Last Updated on May 27, 2019 by Kevin Douglass

Sometimes during the lifetime of a company significant shifts in priorities and resource allocation are made. I believe the ability to recognize the need for such changes and the wherewithal to carry them out is crucial for a business to succeed. However, willingness to change is not enough on its own. What matters is that the new strategy fits the circumstances and is executed effectively. In this article, I m going to explore if that appears to be the case with Dynavax Technologies Corporation (Nasdaq: DVAX), and my perspective on DVAX as an investment.

DVAX announced Thursday May 24th, 2019 AH (after hours) a strategic restructuring of the company to focus on its vaccine business. Additionally, Dynavax CEO and director Eddie Gray informed investors he would be retiring. As a result, DVAX will explore “strategic alternatives” for its immuno-oncology (I-O) clinical assets (SD101 and DV281). The market reacted to the news with mixed sentiments. Some welcomed the change and were happy to see Mr. Gray leaving in hopes he’d be replaced by someone keener on partnerships or acquisition. Others were more pessimistic projecting a long and slow road back to the double digit share price DVAX enjoyed not long ago. Immediately, DVAX’s share price dropped 8% AH Thursday and preceded to fall 9% to $5.78 by Friday’s close.
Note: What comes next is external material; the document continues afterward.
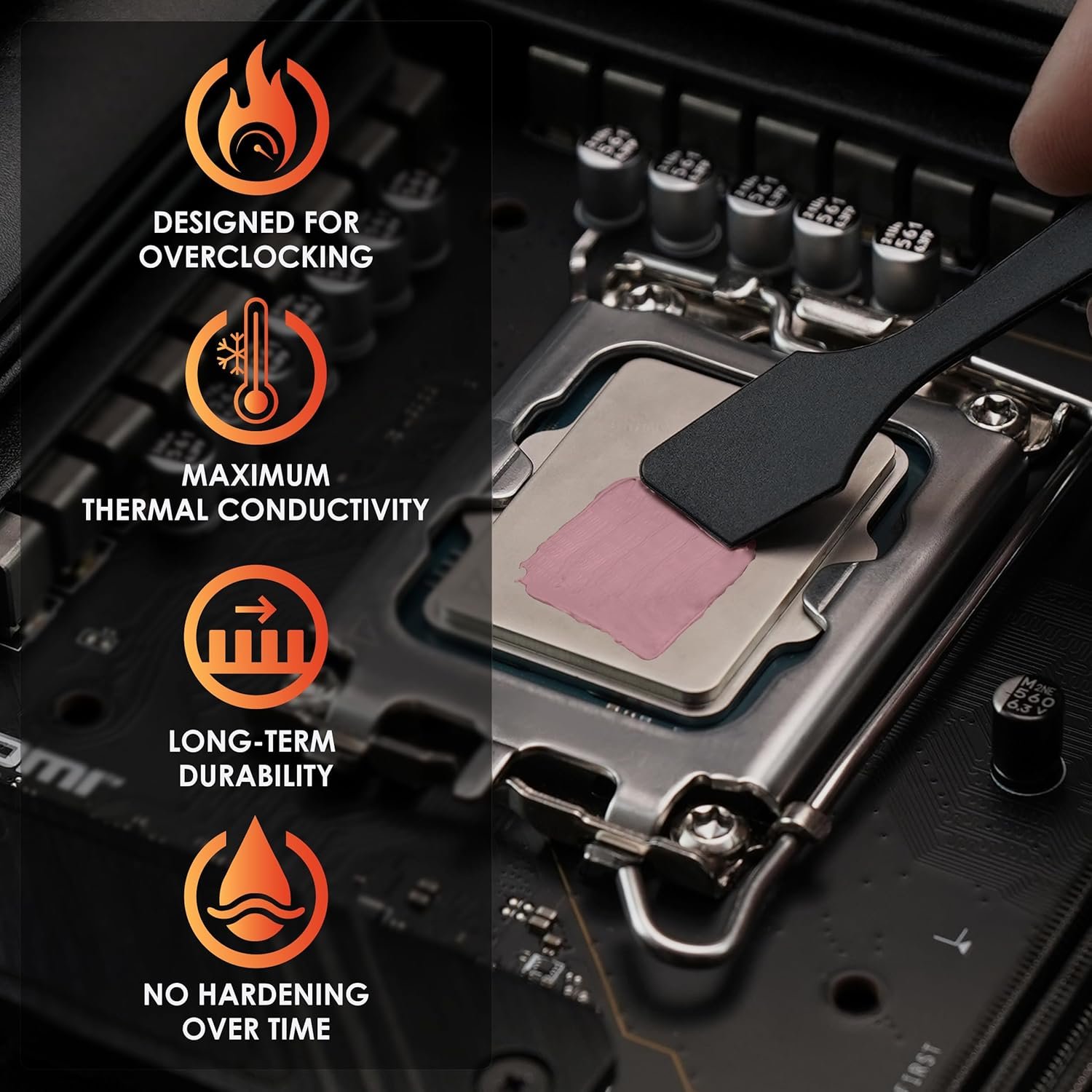 No requiere tiempo de curado (funciona bien desde el primer encendido) y mantiene su estabilidad incluso en sesiones prolongadas de gaming o renderizado intensivo.

In moving away from its I-O platforms DVAX plans to concentrate money and manpower on growing the commercial reach of its Hepatitis B vaccine, HEPLISAV-B®. Approximately 37% of the workforce will be eliminated; the majority of whom hold R&D and administrative positions supporting I-O product development.

Restructuring costs associated with severance and retirement compensation, not including stock-based compensation, are around $5.5 million. Soon to be ex-CEO (effective August 1st) Eddie Gray is getting an ample retirement package in excess of $2 million. To fill his shoes the board tapped David Novack (Senior VP, operations) and Ryan Spencer (Senior VP, commercial) to serve as co-presidents until a new CEO is hired (DVAX is considering internal and external candidates).

About Dynavax

Dynavax Technologies (DVAX) is a commercial stage biotechnology company located in Berkeley California. Their proprietary technologies target toll-like-receptors (TLRs) to stimulate parts of the innate immune system thereby enhancing the adaptive immune response. The company has high institutional ownership at 85%. In contrast, insider ownership is low at 1.19%. The top three stakeholders Blackrock, Federated Investors, and State Street Corporation hold 6.51%, 5.8%, and 5.7% of the float, respectfully. Notably, DVAX has a relatively low dilution rate of only 3.3% YOY (year over year) with 65,066,944 shares outstanding. I feel investors should be aware that in 2014 DVAX underwent a 1-for-10 reverse stock split (RS). After the RS shares outstanding was 29 million meaning the share price has been diluted by ~7 million shares a year since then.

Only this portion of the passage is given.